Bad news for the planet. Sales of private jets are expected to reach their highest level this year, according to a report by the Institute for Policy Studies, an American think tank (“laboratory of ideas”) published on Monday, reports The Guardian. The global fleet has more than doubled in 20 years, and the number of private flights flown last year has never been so high. This think tank has identified 5.3 million private flights worldwide in 2022.

Separately, sales of used and new private jets are expected to hit $34.6 billion (€31.6 billion) this year, up from $34.1 billion (€31.1 billion). last year.

In a context of global warming, the use of highly polluting private aviation is increasingly contested: although private jet travel represents only 4% of the global aviation market, it generates approximately 10 times more greenhouse gases per passenger.

The controversy is all the stronger in France as the fuel used to fly private jets is completely tax-free. An important advantage compared to passenger planes, whose kerosene is well taxed. As for road transport, taxes on petroleum products represent more than half the price of gasoline or diesel.

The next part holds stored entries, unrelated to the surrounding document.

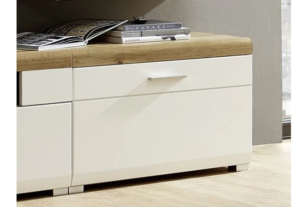 Nízka skrinka so šírkou 80 cm v kombinácii dub wotan s bielymi plochami a elegantne zaoblenými líniami. Ponúka jednu úložnú zásuvku, v ktorej sa navyše po otvorení ukrýva jedna priehradka.
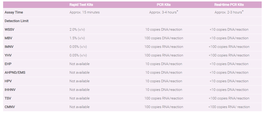 An accurate and ready-to-use PCR kit designed for detection of shrimp diseases. The kit contains all necessary enzyme components and primer sets for specific disease genome amplification by PCR assay within 3 hours.
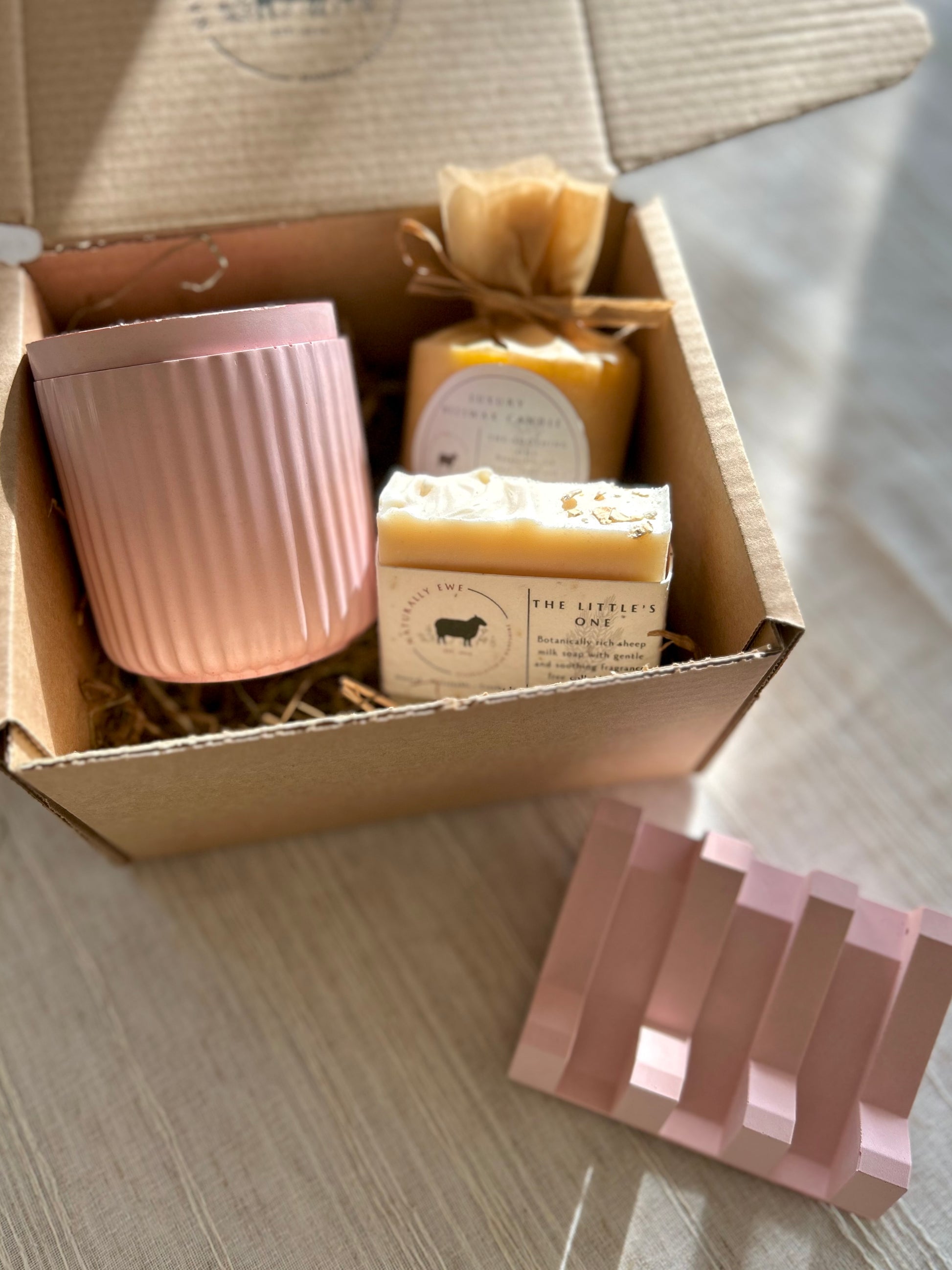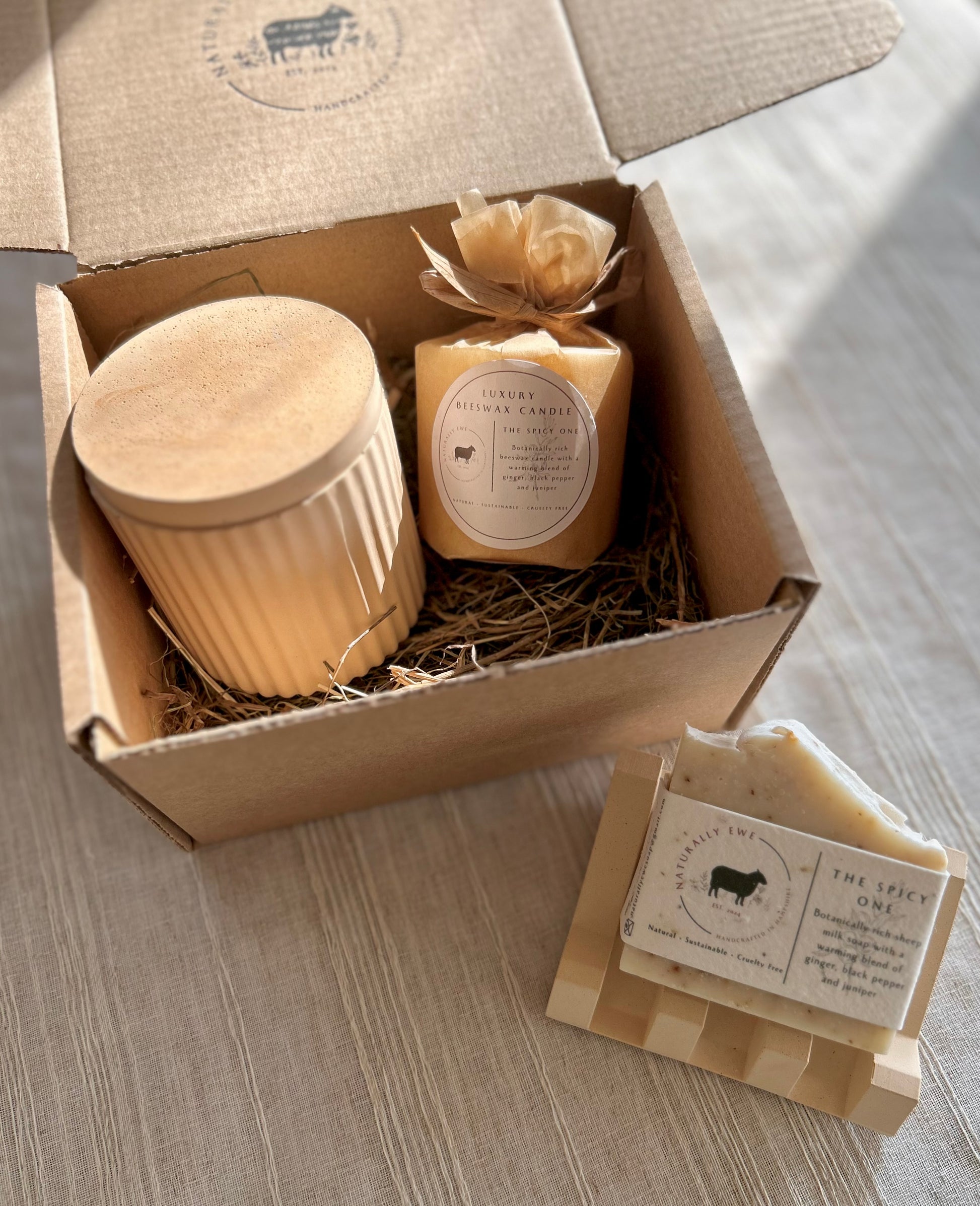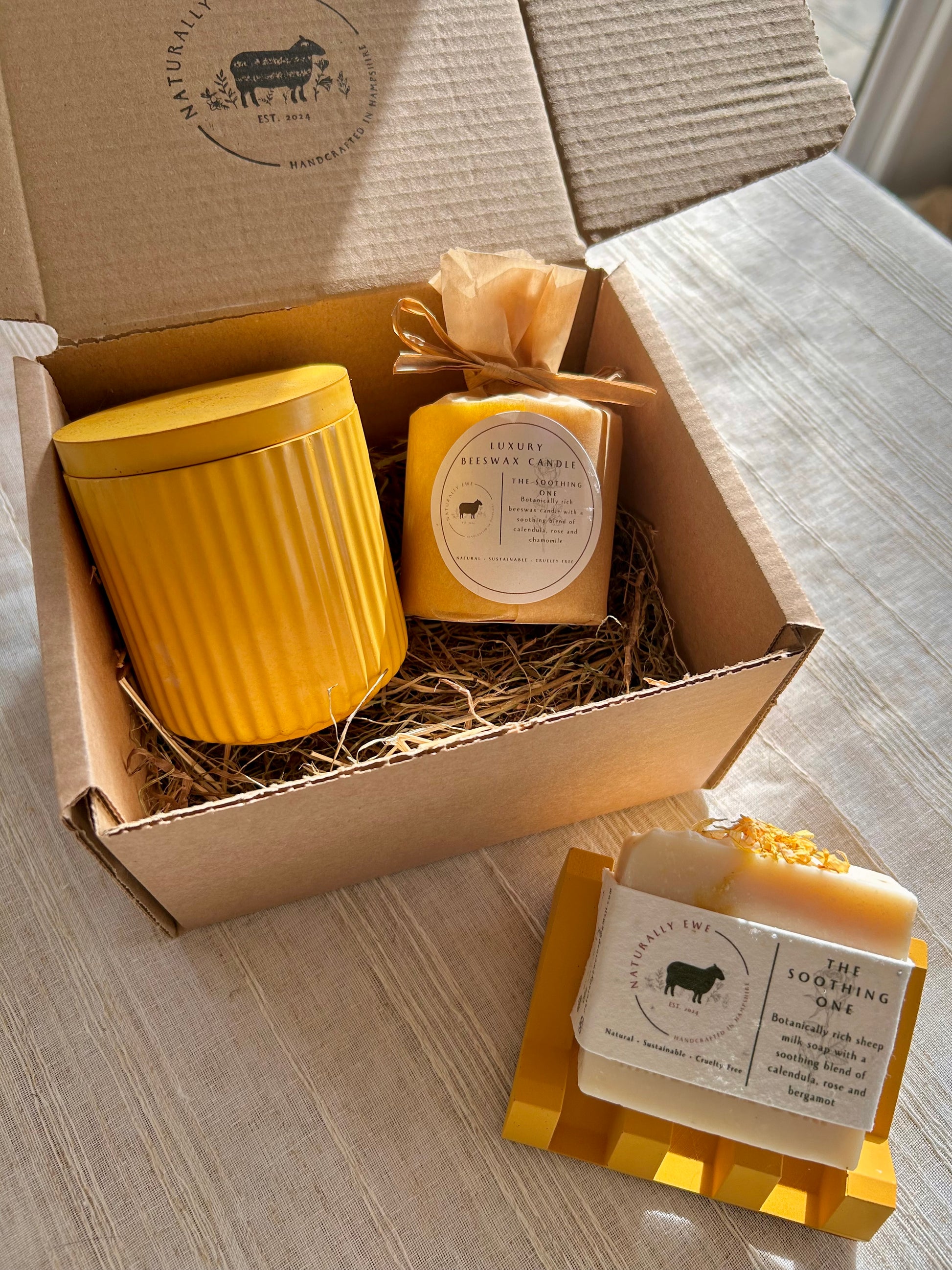 Unwind and relax with this gorgeous Naturally Ewe collection including 1 botanically rich sheep milk soap bar and 1 refillable beeswax candle in your chosen fragrance as well as a candle jar and a soap stand in your choice of colour.
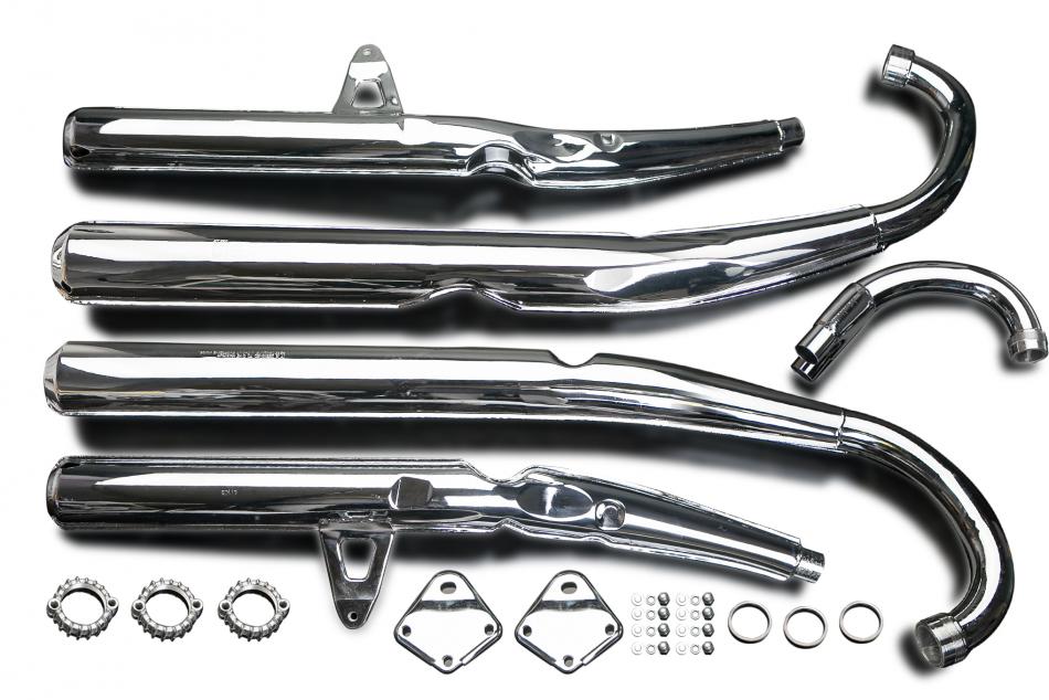 The GT750M was the 4th GT750 Model. The standard exhaust had lost the balance pipes on the headers. Delkevic offer OEM style or expansion chambers.
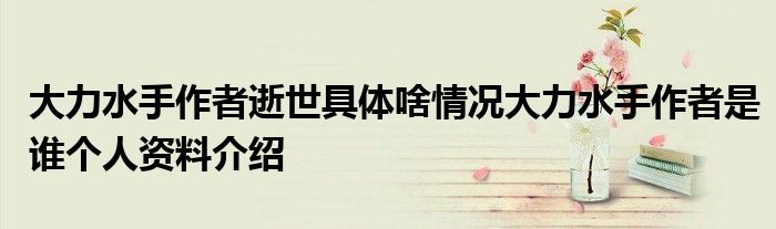 导读 大家好我是51房产网的小编杨小洋文文,现在我为大家解决以上大力水手作者逝世具体啥情况大力水手作者是谁个人资料介绍的问题 1、据外媒报道
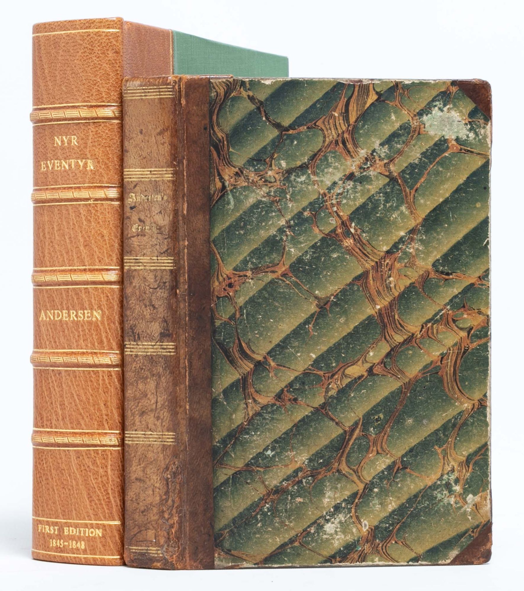 Kjøbenhavn: C.A. Reitzel, 1845. First editions. First edition, complete, two volumes (collections) bound together, of Anderson's second series of fairy tales, the first issue of Collection Two, the second issue of Collection One. Small octavo (6 1/4 x 4 in; 157 x 103 mm). Collection One: 47, [1, blank]; 68; 52 pp. Collection Two: 72; 60 pp. Two leaves, comprised of table of contents and dedication page to Collection Two, have been misbound out of sequence. Otherwise, complete with half titles for each volume, both shared title pages, both shared contents leaves, all dedication leaves, all half titles for each fairy tale, and all five regular title pages. Contemporary quarter calf over marbled boards, and marbled edges. Some light scattered foxing and toning, and an occasional inkspot. Otherwise a very nice copy. Housed in a quarter morocco clamshell case.
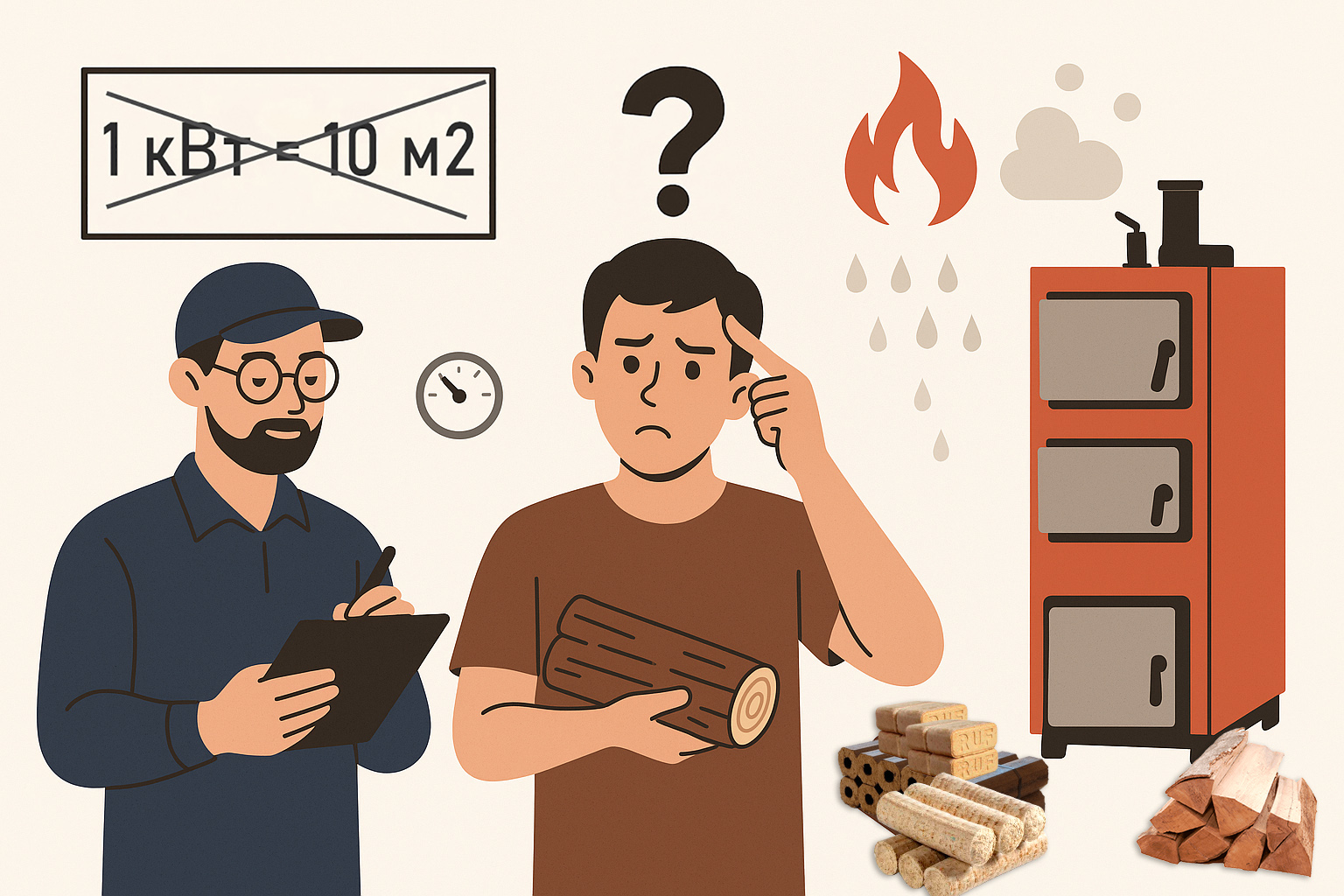 Ігнорування якості палива. На калорійність дров, вугілля, пелет впливає багато факторів, головний з яких – вологість. Щоб отримати тепло з вологих дров, котел спочатку витрачає енергію на випаровування води. Наприклад, з дров вологістю 35% замість 1 кВт корисного тепла Ви отримаєте лише 0,7-0,8 кВт – решта піде на “сушіння” палива прямо в топці.
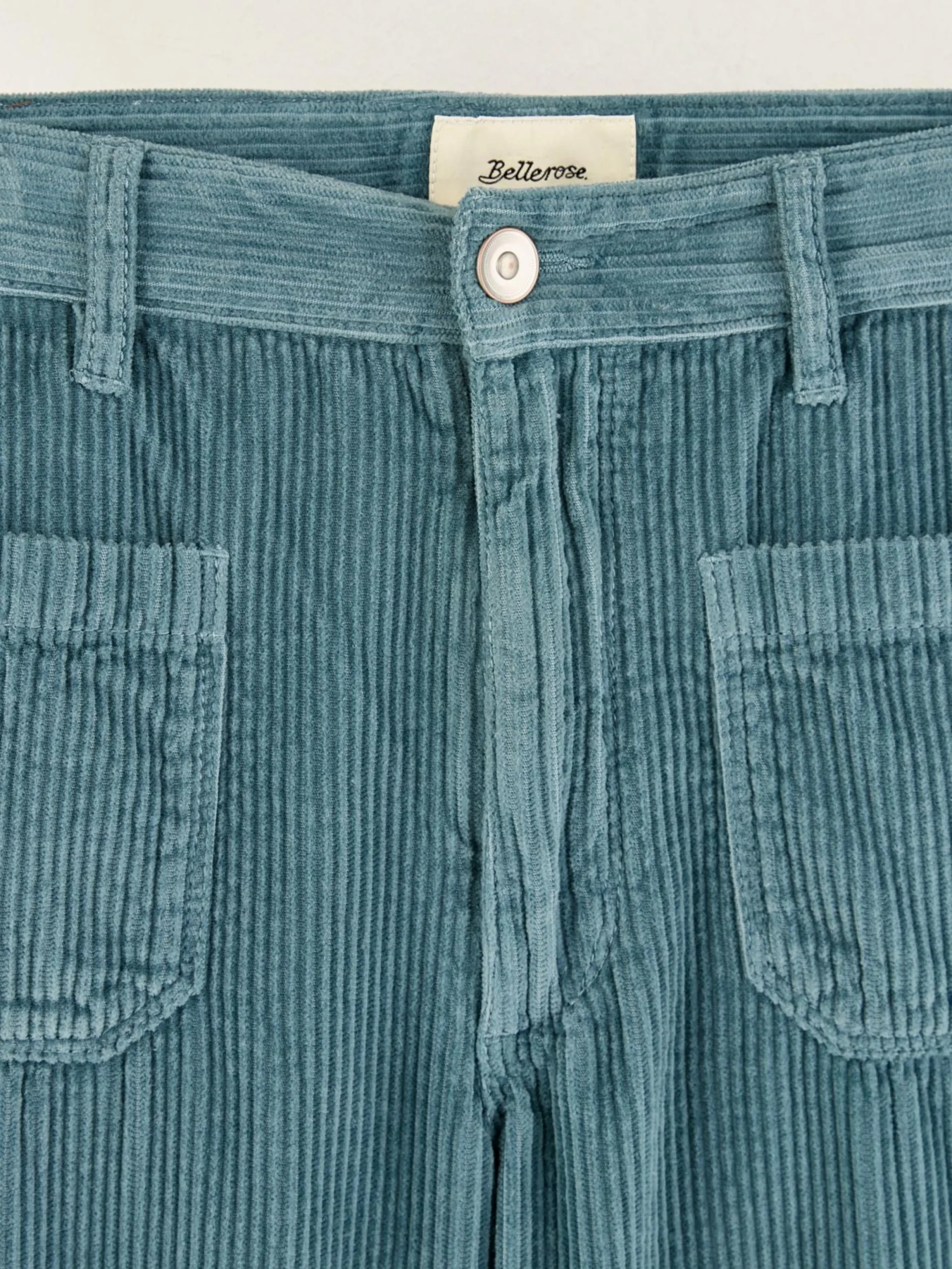 Metaalblauwe broek met hoge taille en wijde pijpen, van corduroy katoen.

“If we can’t ban private jets, we should at least tax them and make them pay to compensate for their environmental damage,” says Chuck Collins, co-author of the report.

A tax of 5 to 10% on the purchase of a jet?

The Patriotic Millionaires group, an organization of wealthy Americans who demand higher taxes, recommends a 10% tax on all purchases of used private jets, and a 5% tax on new planes, the British newspaper reports. .

If it existed, this tax would have collected 2.6 billion dollars (2.3 billion euros) in American taxes last year, according to the report. Including 4 million dollars paid by Elon Musk (owner of Twitter and founder of Tesla), presented in the study as the most active traveler in 2022.

The group of millionaires also wants to at least double the taxes on fuel for private jets, compared to those for commercial aviation.

According to the Belgian NGO Transport & Environment, taxing private jets could bring in 660 million euros by 2030, revealed Le Monde last September. In France, Transport Minister Clément Beaune was in favor of an increase in taxation. “The subject is not anecdotal at all,” he said.

To “regulate private jet flights”, the minister therefore proposed an increase in the “ecocontribution”, planned for 2024: in the finance law for 2023, a “70% increase in the fuel tax of the ‘private aviation’ was set up.